Por seguro esta situación es una anécdota compartida entre varios como aquel momento en que vimos a papá y mamá cual dúo de paradojas andantes. Personajes cuya máxima tarea era confundirnos pero, sobre todo, serle infiel a lo que alguna vez nos dijeron que era bueno, propio cuando menos. Así cualquier otro aspecto del mundo que vivimos y ahora es juzgado de superfluo, torpe o innecesario; estamos acostumbrado a ser incitados para luego ser reprendidos.
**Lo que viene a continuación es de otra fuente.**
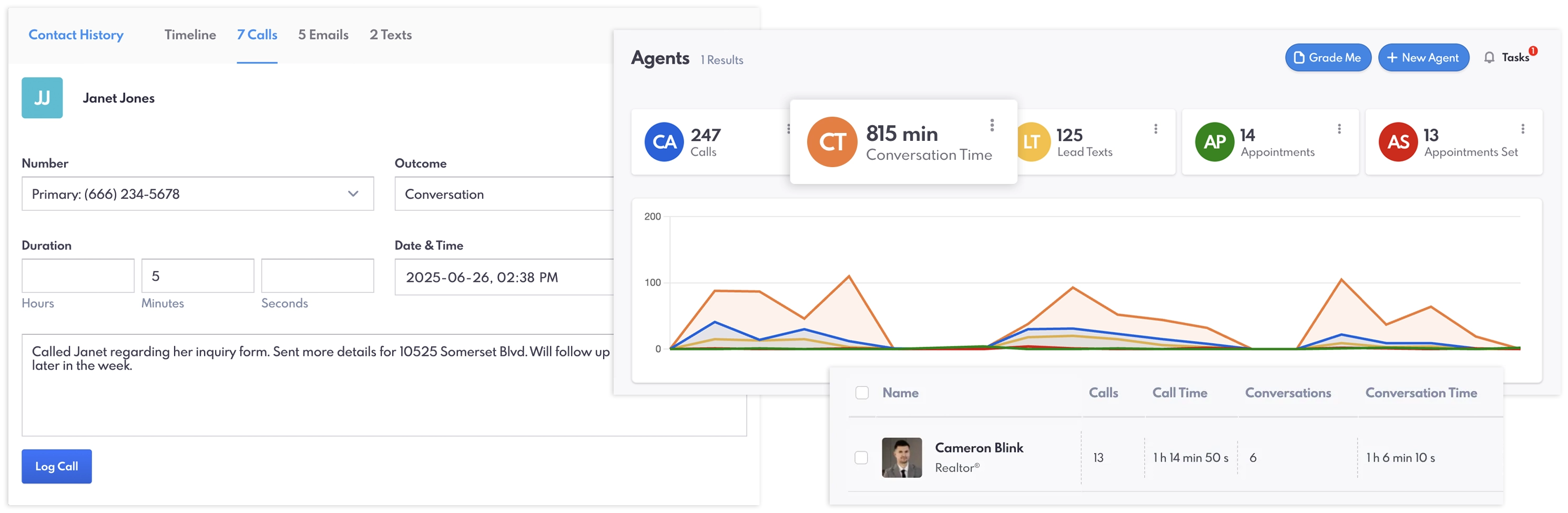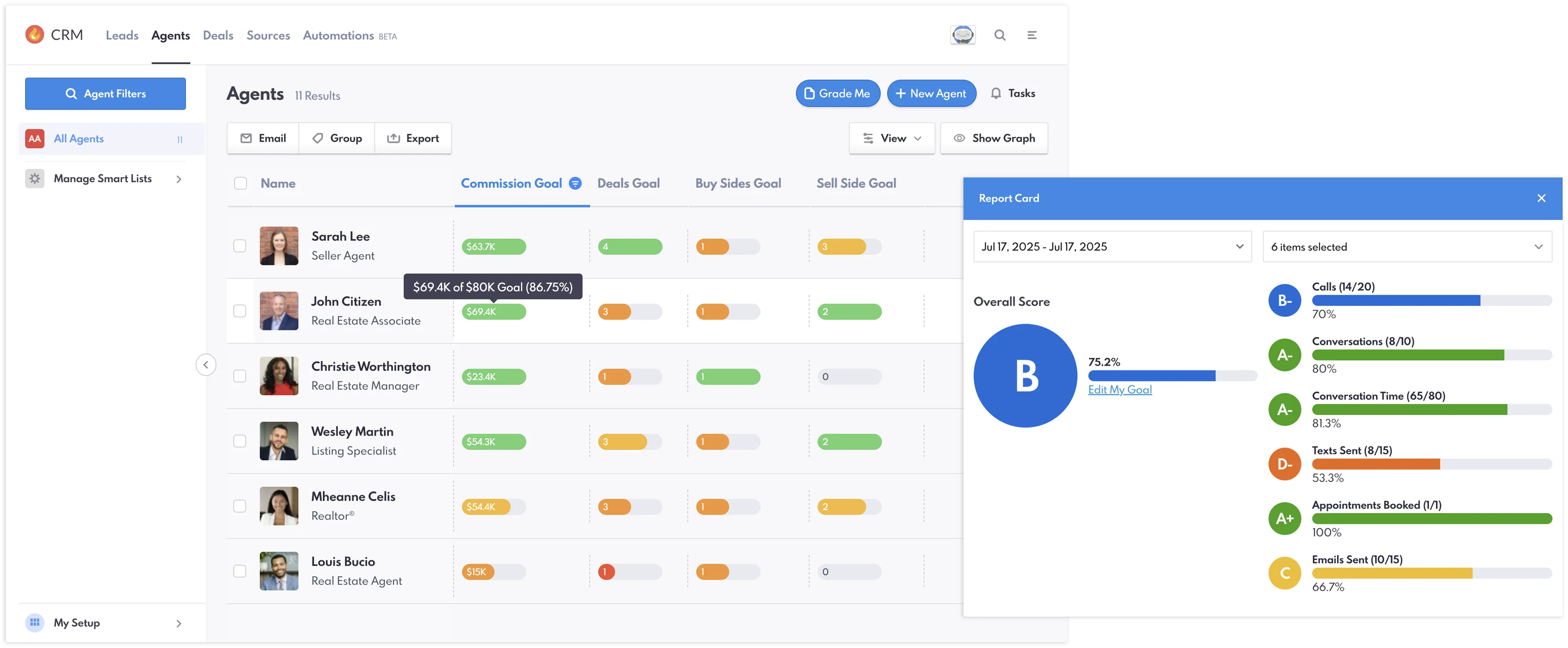 - Agent Goals and Report Scorecards: These REW CRM features help you set daily and annual goals, track your performance, and stay accountable. It’s also a valuable coaching tool for team leaders. Your agent performance is summarized in a report card format, which makes it easier to understand.

Lo mismo sucede con el interiorismo. Heredado de los antiguos egipcios y el pavor monarca de morir alejados de sus riquezas o exquisiteces, popularizado por el Medio Oriente a través de un horror al vacío en sus muros habitacionales y dispuesto a las masas asalariadas durante la Revolución Industrial ¿El diseño de interiores puede ser hoy esa arma que ajusticie al mismo placer que ella ocasionó e infundió en un principio? Aún esa tendencia que renuncia al atiborramiento visual o espacial, el minimalismo, reviste de sofisticada carencia y placer egoísta a quien lo implementa. Y está bien. El diseño y las satisfacciones que éste genera no se hicieron para sentirse humilde, incómodo o retraído.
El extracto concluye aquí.